How about Washington state, where the “reward” Seattle gave to all the libertarians who voted for gay marriage and legal pot was more gun control.
So no. No drugs allowed in a democracy. Because with the double standards and double morals depicted above, drugs + democracy means in a generation the drugs will be the only thing left you will be allowed to have.
So ultimately, libertarianism fails because it has no natural defenses whatsoever from degeneracy. The only way it would work past a generation or two would be if everybody was a clone of Ron Paul.
This is absolutely, 100% not true.
Liberty, did you see the Libertarian debates? Do you think the average fool in that audience has any clue about Austrian Economics, or do they merely want to socialize the consequences of their freedom? Be realistic here; the good Libertarians have mostly left the movement.
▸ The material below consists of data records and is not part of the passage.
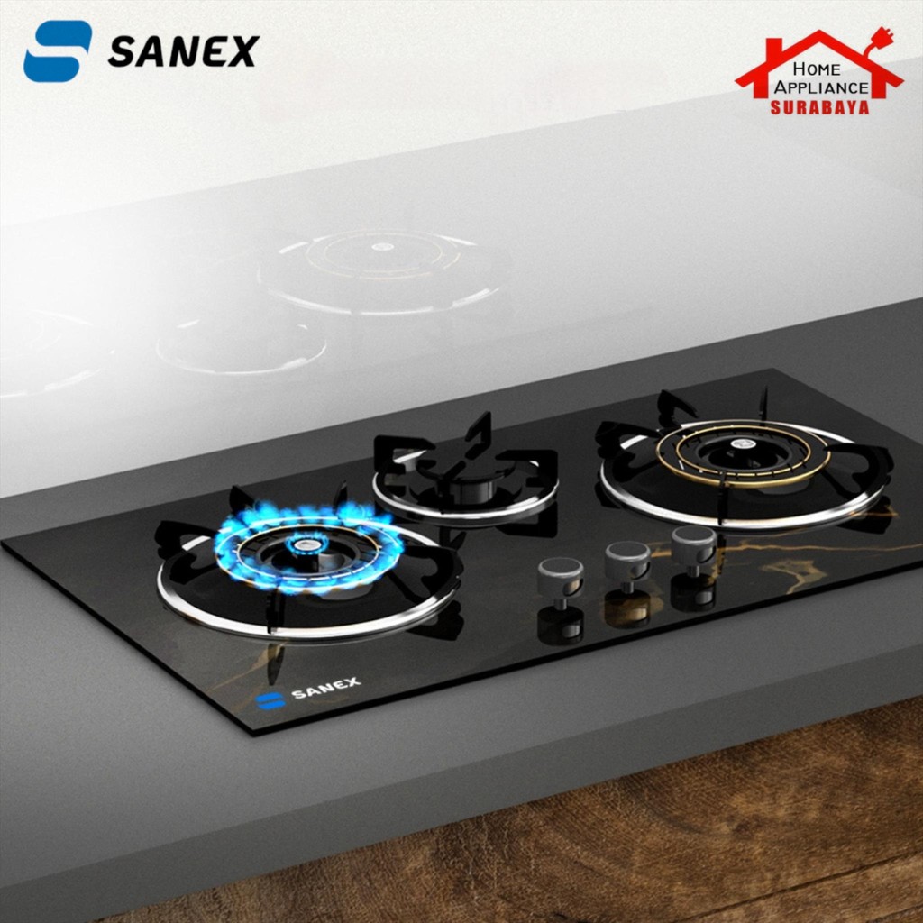 SANEX Kompor Kaca Gas Tanam 3 Tungku 2 IN 1 Motif Marble SN-KT301 / SN KT 301 K1 - K2 Anti Gores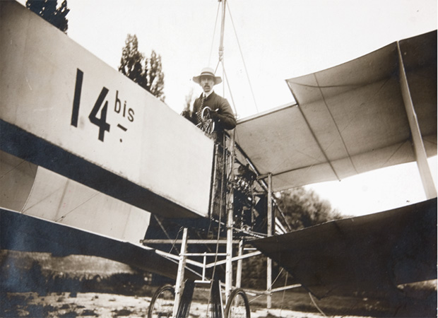 Nos livros escolares, ele é um herói nacional. Inventor do aparelho aéreo mais pesado que o ar, primeiro a alçar voo sem a necessidade de rampa para lançamento. Nas “fotos oficiais”, um homem sisudo, de colarinho alto e chapéu panamá amassado.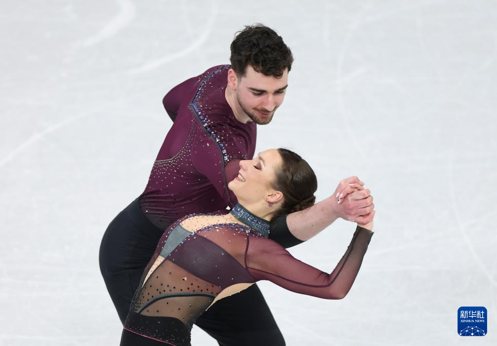 2月16日,加拿大组合斯特拉托-杜德克/德尚(左)在比赛中。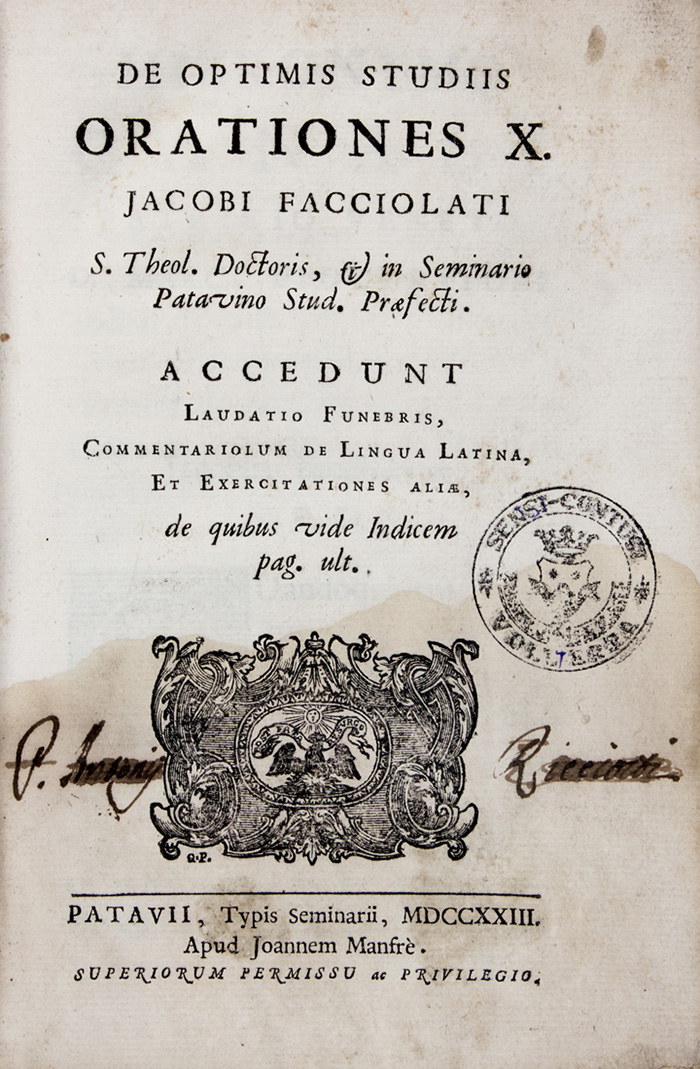 Facciolati Jacopo, De optimis studiis orationes X.Patavii: Typis...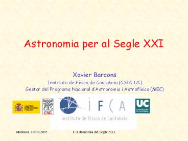 <Notice: Removed> Astronomia per al Segle XXI PowerPoint PPT Presentation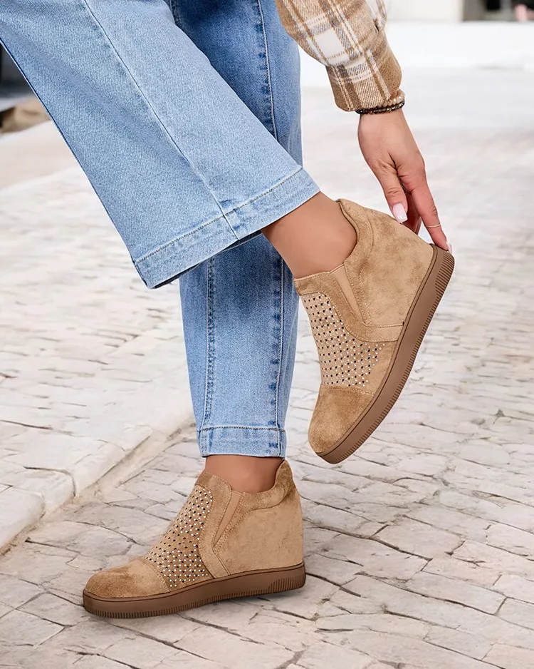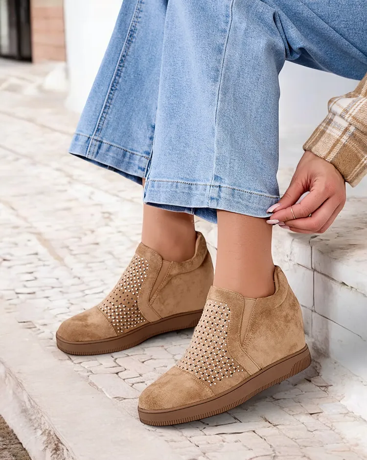 - Модные женские спортивные туфли на скрытом якоре, выполненные из эко-замши. Внутри мягкая стелька из эко-кожи. Туфли-слипы, украшенные цирконами. Станут отличным украшением для повседневного стиля.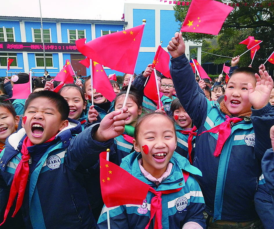 “我和我的祖国,一刻也不能分割,无论我走到哪里,都流出一首赞歌……”昨日,在株洲八达小学的开学典礼上,两千余名师生齐唱《我和我的祖国》,拉开了新学期的帷幕。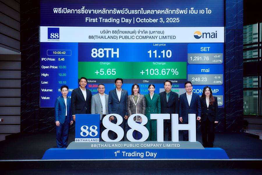 บริษัท 88(ไทยแลนด์) จำกัด (มหาชน) หรือ 88TH ผลิตภัณฑ์สุขภาพ ความงาม ภายใต้แบรนด์ ver.88 LYO และ Hone ร่วมถ่ายภาพเป็นที่ระลึกในโอกาสการเข้าซื้อขายตลาดหลักทรัพย์เอ็ม เอ ไอ (mai) วันแรก โดยได้รับเกียรติจาก นายอัสสเดช คงสิริ กรรมการและผู้จัดการ ตลาดหลักทรัพย์แห่งประเทศไทย (ที่ 4 จากซ้าย) นายสรวิศ ไกรฤกษ์ เป็นรองผู้จัดการ สายงานผู้ออกหลักทรัพย์และสายงานการตลาด(ที่ 3 จากซ้าย) พร้อมด้วยนายประพันธ์ เจริญประวัติ กรรมการผู้จัดการ ตลาดหลักทรัพย์ เอ็ม เอ ไอ (ที่ 2 จากซ้าย) พร้อมด้วยนางสาวนพรัตน์ มาลัยวงค์ (ตรงกลาง) ผู้ก่อตั้ง นางณัฐฐินี ชวนะนิกุล (ที่ 4 จากขวา) ประธานเจ้าหน้าที่บริหาร นางสาวเดือนพรรณ ลีลาวิวัฒน์ (ที่ 1 จากซ้าย) กรรมการผู้จัดการ บริษัท ไพโอเนีย แอดไวเซอรี่ จำกัด ในฐานะที่ปรึกษาทางการเงิน นายพัชระนนท์ ชีวเกรียงไกร ประธานเจ้าหน้าที่บริหาร (ที่ 2 จากขวา) และนางสาววีรยา ศรีวัฒนะ (ที่ 1 จากขวา) หัวหน้าฝ่ายวาณิชธนกิจ บริษัทหลักทรัพย์ (บล.) ซีจีเอส อินเตอร์เนชั่นแนล (ประเทศไทย) จำกัด ในฐานะผู้จัดการการจัดจำหน่ายและรับประกันการจำหน่ายหุ้น โดยราคาเปิดเทรดวันแรกอยู่ที่ 12 บาท เพิ่มขึ้น เพิ่มขึ้น 6.55 บาท หรือ 120% จากราคา IPO 5.45 บาท ขณะที่มองแนวโน้มปี 2568 เศรษฐกิจฟื้นตัวหลังได้แรงสนับสนุนจากนโยบายภาครัฐบาลกระตุ้นกำลังซื้อ พร้อมเดินหน้าสร้างนิวไฮต่อเนื่อง เมื่อวันที่ 3 ตุลาคม 2568 ณ อาคารตลาดหลักทรัพย์แห่งประเทศไทย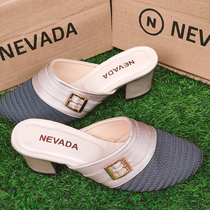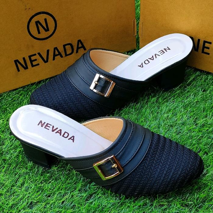 [Star]Sandal Wanita NEVADA slop Shoes Selop Sendal - hitam, 37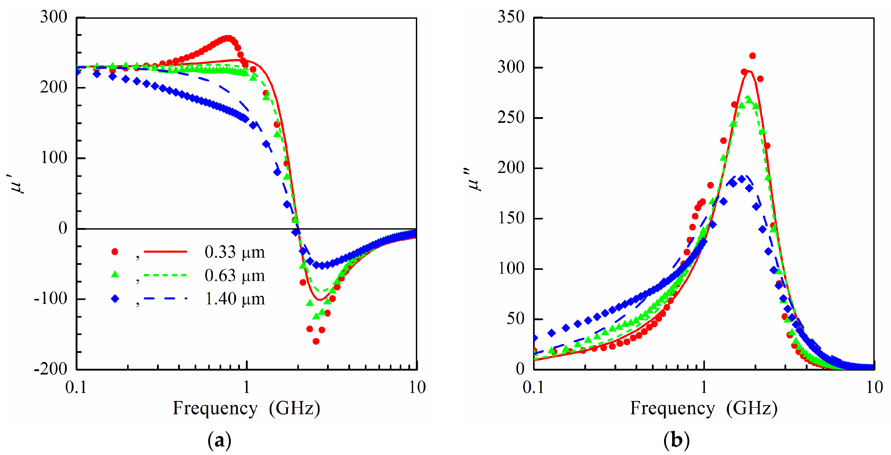 - Yabukami, S.; Nozawa, K.; Tonthat, L.; Okita, K.; Sai, R. Impact of complex permeability measurements up to millimeter-wave frequency range. IEEE Trans. Magn. 2021, 57, 6100405. [Google Scholar] [CrossRef]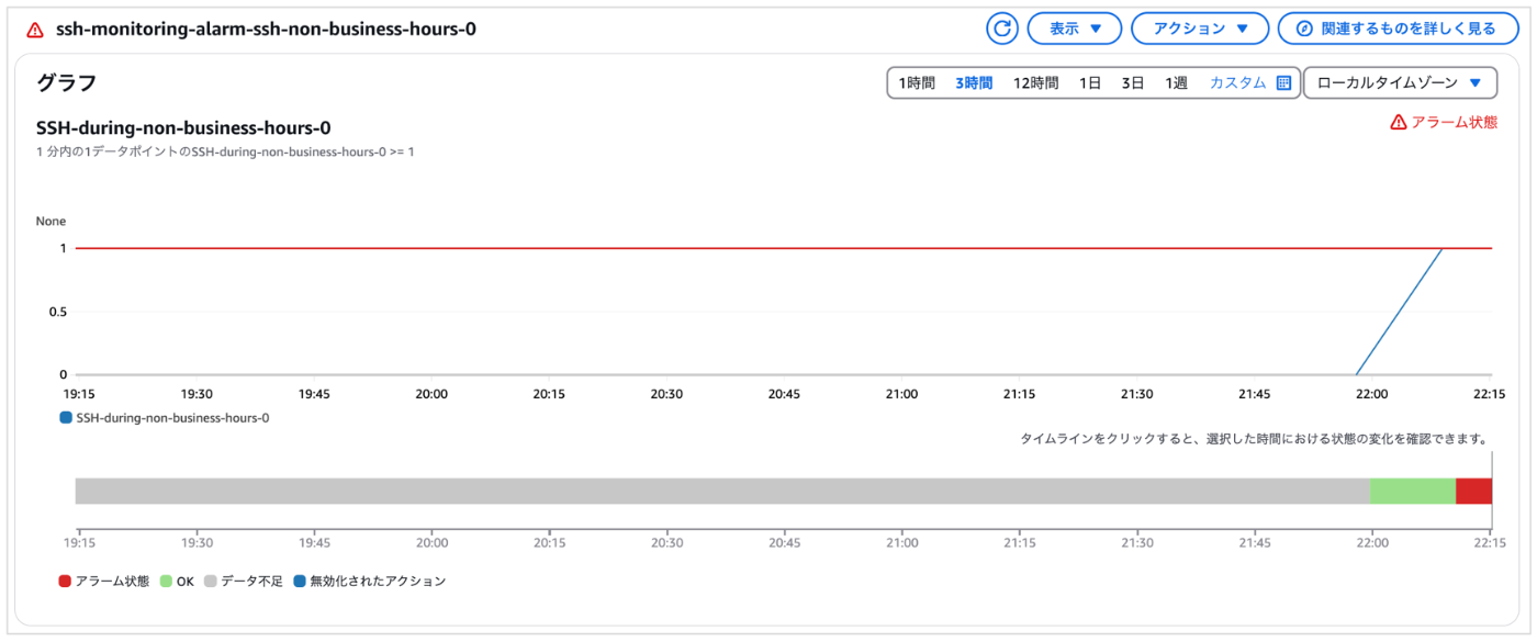 こちらはCloudWatch Alarmの閾値を1と設定しているため、SSH-during-non-working-hours-0のメトリクス値が1を超えた段階で、即座にアラーム状態に遷移していることを確認できます。以上で、「時間外のSSH接続検知」の動作確認も完了です!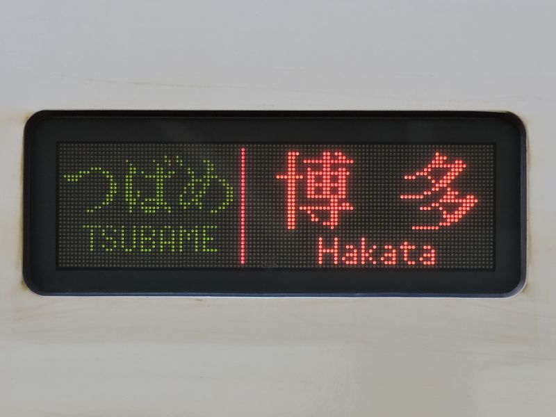 新幹線800系電車(久留米駅) 「つばめ」の名称の起源は戦前の1930年まで遡り、以後国鉄を代表する特急列車として用いられてきたが、山陽新幹線の開業に伴い1975年に一旦廃止された後、JR九州の特急として1992年に復活した。 2004年に新八代~鹿児島中央間が部分開業して以降、「つばめ」は九州新幹線の各駅停車タイプの名称となり、近年では朝時間帯にわずかながら山陽新幹線の小倉まで運行される列車も設定されている。 車両は運行開始時から800系が使用されており、2011年の全線開業以降はN700系7000/8000番台も加わった。 運行区間 小倉・博多~熊本・鹿児島中央など(区間運転列車多数あり) 経由線区 山陽新幹線・九州新幹線 停車駅 各駅停車 新幹線N700系7000/8000番台電車(鹿児島中央駅)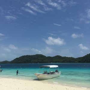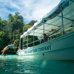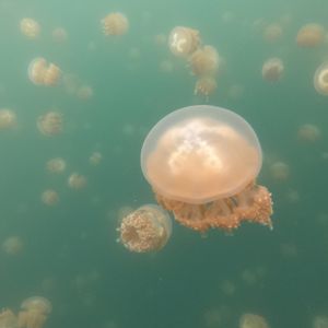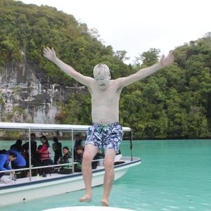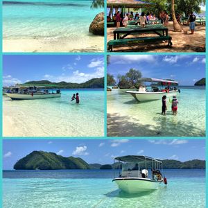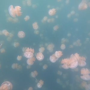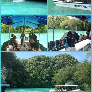 半日ツアーに参加を考えていたのですが思い切って一日ツアーに参加しました。ジェリーフィッシュはあいにくお天気が曇っていて濁って見えましたがそれでもたくさん見れたのでお天気が良いと本当にきれいだと思います。無人島でランチ後にスタッフが写真を撮りましょうか?と聞いてくれ、ジャンプをしている写真がうまく取れず、何度も何度も撮りなおしてくれました。帰りに遠回りをしてパラオの自然の良さをもっと見せてくれたように思います。帰国して皮膚をかなりやけどしたのでパラオの日差しの強さを思い知りました。日焼け止めを塗ったのですが本当に時間をおいてまた塗りなおさないといけない程なので日焼けガードはばっちりした方がいいと思います。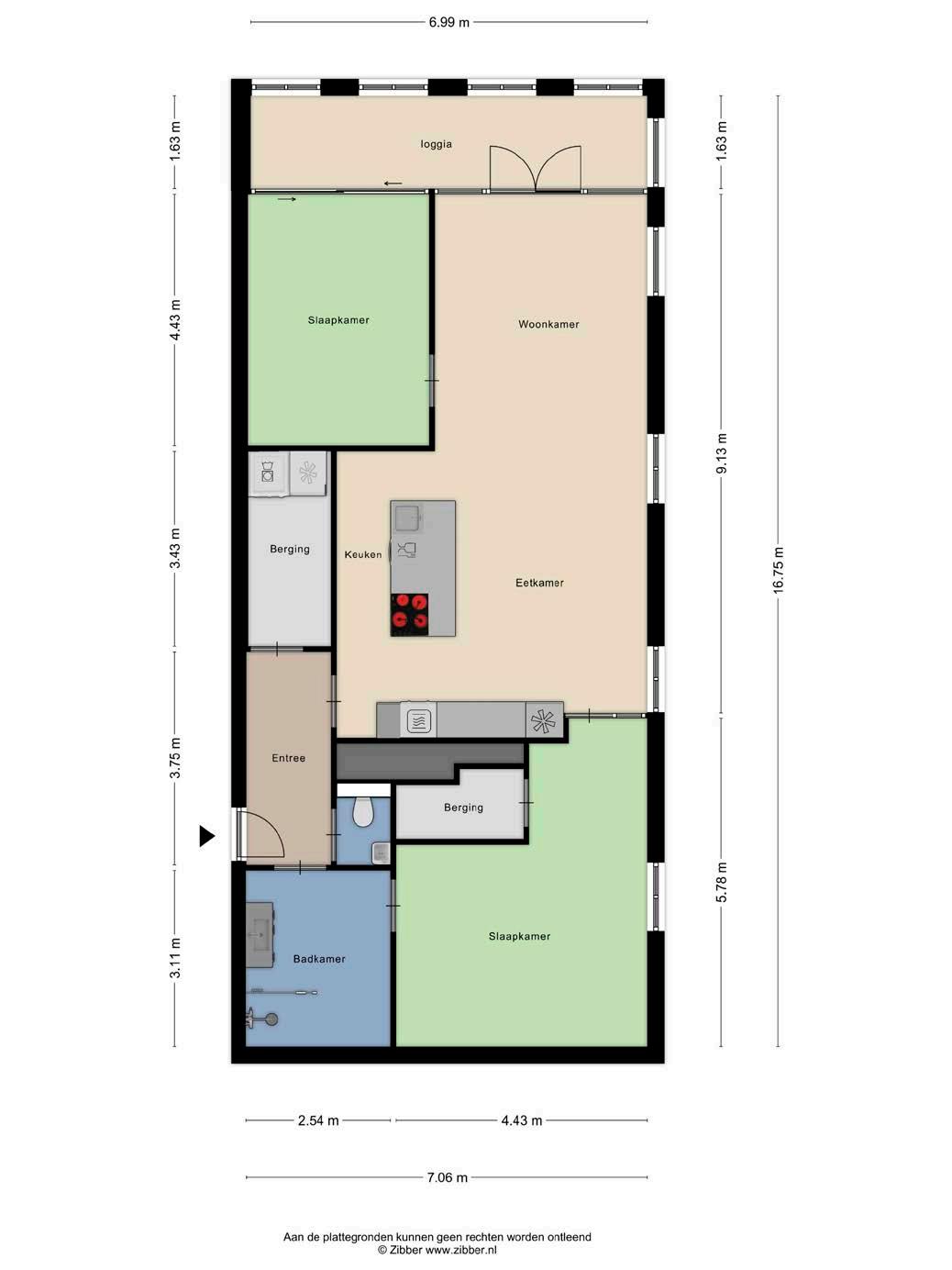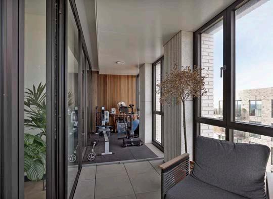 De aangrenzende loggia strekt zich uit over de gehele breedte van het appartement en biedt een extra buitenruimte om te ontspannen en te genieten van het buitenleven. Het is de perfecte plek om te genieten van een kopje koffie in de ochtend of een glas wijn in de avond.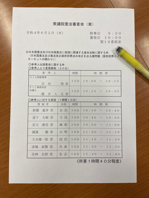 10時から憲法審査会が開催されます。本日は国民投票法に係るインターネット規制に関して、インターネット事業者の皆さんからお話を伺います。それを受けて各党それぞれ10分ずつ質問します。私は11時10分ごろから。
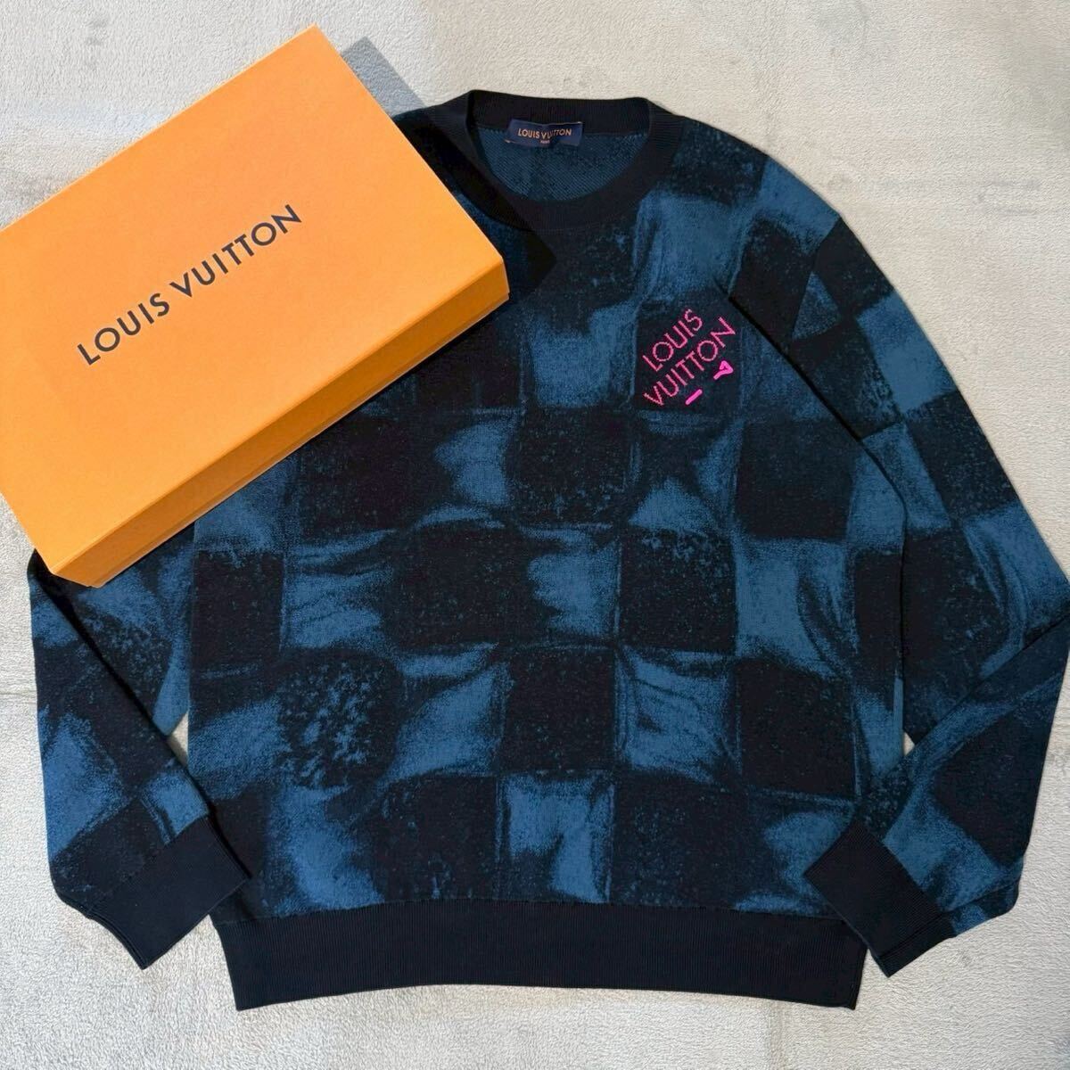 > 【未使用級】XLサイズ★ LOUIS VUITTON ルイヴィトン ダミエ ソルト ジャガード クルーネック ニット セーター メンズ 近年モデル 箱付き

It seems that the libertarian ideal needs a New Man as much as any utopian movement instead of, at its logical conclusion, being a system that can deal with the Man that’s been around ever since we started this civilization thing. It just seems that people group in community with structure, whether that is elected, hereditary, or clamor to the top succession. You’d need a city of saints to make libertarianism work.
I ask where has libertarianism succeeded in the wild in the long pageant of world history, so to speak, and many libertarians point to medieval Ireland, ruled in small clans by chieftains selected by public acclamation. I wonder if that was not an ideal the Irish held as much as the lack of a dominant clan to rise and unite them all under one banner; same for Classical Greece until Alexander. All the individual members of the “truss” held enough power by themselves or through alliances to keep any other member from gaining upper hand. Or the area is too sparsely populated to effect a structured government (North American native Americans, pre-Medieval Norse and Slavs).
And for the famous unfettered free market, we saw that. Child labor, zero workplace safety (look up the Allegheny Death Calendar), no say-so over one’s job, filth-laden cities, end products you may as well call “use at your own risk.” Dickens’ novels, Riis’ photo essays, Sinclair’s “The Jungle” covered these as well. The abuses of unregulated business led to the working classes throwing in with the communists with the slogan “what have you got to lose.” If you think they are of a bye-gone day, look at where there is no rule of law, but more of the jungle, in business, like China. What Washington said about government can very well apply to business being not eloquence but a force, like fire, making for a fearful servant and a terrible master.